I have two string to match and get the percentage of matching.
Given:
String 1: John Smith Makde
String 2: Makde John Smith
Used the following user defined scalar function.
CREATE FUNCTION [dbo].[udf_GetPercentageOfTwoStringMatching]
(
@string1 NVARCHAR(1000)
,@string2 NVARCHAR(1000)
)
RETURNS INT
--WITH ENCRYPTION
AS
BEGIN
DECLARE @levenShteinNumber INT
DECLARE @string1Length INT = LEN(@string1), @string2Length INT = LEN(@string2)
DECLARE @maxLengthNumber INT = CASE WHEN @string1Length > @string2Length THEN @string1Length ELSE @string2Length END
SELECT @levenShteinNumber = [dbo].[f_ALGORITHM_LEVENSHTEIN] (@string1 ,@string2)
DECLARE @percentageOfBadCharacters INT = @levenShteinNumber * 100 / @maxLengthNumber
DECLARE @percentageOfGoodCharacters INT = 100 - @percentageOfBadCharacters
-- Return the result of the function
RETURN @percentageOfGoodCharacters
END
Function calling:
SELECT dbo.f_GetPercentageOfTwoStringMatching('John Smith Makde','Makde John Smith')
Output:
7
But when I give both the string as same with same position:
SELECT dbo.f_GetPercentageOfTwoStringMatching('John Smith Makde','John Smith Makde')
Output:
100
Expected Result: As the both strings words are same but with different sequence I want 100% matching percentage.
100
Doing this for millions of rows again and again will be a nightmare... I'd add another column (or a 1:1
related side table) to permantently store a normalized string. Try this:
--Create a mockup table and fill it with some dummy data
CREATE TABLE #MockUpYourTable(ID INT IDENTITY, SomeName VARCHAR(1000));
INSERT INTO #MockUpYourTable VALUES('Makde John Smith')
,('Smith John Makde')
,('Some other string')
,('string with with duplicates with');
GO
--Add a column to store the normalized strings
ALTER TABLE #MockupYourTable ADD NormalizedName VARCHAR(1000);
GO
--Use this script to split your string in fragments and re-concatenate them as canonically ordered, duplicate-free string.

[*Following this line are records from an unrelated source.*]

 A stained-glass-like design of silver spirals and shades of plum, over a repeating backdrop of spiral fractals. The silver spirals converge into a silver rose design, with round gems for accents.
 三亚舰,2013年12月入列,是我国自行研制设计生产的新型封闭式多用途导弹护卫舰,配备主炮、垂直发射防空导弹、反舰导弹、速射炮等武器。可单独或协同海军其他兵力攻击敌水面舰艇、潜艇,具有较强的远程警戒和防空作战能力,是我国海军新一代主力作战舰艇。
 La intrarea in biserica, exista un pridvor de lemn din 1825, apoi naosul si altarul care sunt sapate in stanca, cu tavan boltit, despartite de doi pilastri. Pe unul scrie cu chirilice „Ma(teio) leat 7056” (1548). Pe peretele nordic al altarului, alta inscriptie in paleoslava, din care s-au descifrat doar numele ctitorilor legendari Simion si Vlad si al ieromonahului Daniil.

UPDATE #MockUpYourTable SET NormalizedName=CAST('<x>' + REPLACE((SELECT LOWER(SomeName) AS [*] FOR XML PATH('')),' ','</x><x>') + '</x>' AS XML)
.query(N'
for $fragment in distinct-values(/x/text())
order by $fragment
return $fragment
').value('.','nvarchar(1000)');
GO
--Check the result
SELECT * FROM #MockUpYourTable
ID SomeName NormalizedName
----------------------------------------------------------
1 Makde John Smith john makde smith
2 Smith John Makde john makde smith
3 Some other string other some string
4 string with with duplicates with duplicates string with
--Clean-Up
GO
DROP TABLE #MockUpYourTable
Hint Use a trigger ON INSERT, UPDATE
to keep these values synced.
Now you can use the same transformation against your strings you want this to compare with and use your former approach. Due to the re-sorting, identical fragments will return 100% similarity.

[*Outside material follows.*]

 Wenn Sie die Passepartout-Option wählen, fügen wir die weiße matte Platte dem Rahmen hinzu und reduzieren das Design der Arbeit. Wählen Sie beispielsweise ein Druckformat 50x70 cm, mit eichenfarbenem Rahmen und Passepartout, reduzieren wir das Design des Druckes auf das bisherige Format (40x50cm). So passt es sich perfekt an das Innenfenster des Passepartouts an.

+1 for the question. It appears you are trying to determine how similar two names are. It's hard to determine how you are doing that. I'm very familiar with the Levenshtein Distance for example but don't understand how you are trying to use it. To get you started I put together two ways you might approach this. This won't be a complete answer but rather the tools you will need to do whatever you're trying.
To compare the number of matching "name parts" you could use DelimitedSplit8K like this:
DECLARE
@String1 VARCHAR(100) = 'John Smith Makde Sr.',
@String2 VARCHAR(100) = 'Makde John Smith Jr.';
SELECT COUNT(*)/(1.*LEN(@String1)-LEN(REPLACE(@string1,' ',''))+1)
FROM
(
SELECT s1.item
FROM dbo.delimitedSplit8K(@String1,' ') AS s1
INTERSECT
SELECT s2.item
FROM dbo.delimitedSplit8K(@String2,' ') AS s2
) AS a
Here Im splitting the names into atomic values and counting which ones match. Then we divide that number by the number of values. 3/4 = .75 for 75%; 3 of the four names match.

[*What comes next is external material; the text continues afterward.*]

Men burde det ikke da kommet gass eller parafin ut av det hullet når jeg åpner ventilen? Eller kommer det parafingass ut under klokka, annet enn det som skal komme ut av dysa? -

Another method would be to use NGrams8K like so:
DECLARE
@String1 VARCHAR(100) = 'John Smith Makde Sr.',
@String2 VARCHAR(100) = 'Makde John Smith Jr.';
SELECT (1.*f.L-f.MM)/f.L
FROM
(
SELECT
MM = SUM(ABS(s1.C-s2.C)),
L = CASE WHEN LEN(@String1)>LEN(@string2) THEN LEN(@String1) ELSE LEN(@string2) END
FROM
(
SELECT s1.token, COUNT(*)
FROM samd.NGrams8k(@String1,1) AS s1
GROUP BY s1.token
) AS s1(T,C)
JOIN
(
SELECT s1.token, COUNT(*)
FROM samd.NGrams8k(@String2,1) AS s1
GROUP BY s1.token
) AS s2(T,C)
ON s1.T=s2.T -- Letters that are equal
AND s1.C<>s2.C -- ... but the QTY is different
) AS f;
Here we're counting the characters and substracting the mismatches. There are two (one extra J and one extra S). The longer of the two strings is 20, there are 18 characters where the letter and qty are equal. 18/20 = .9 OR 90%.
Again, what you are doing is not complicated, I would just need more detail for a better answer.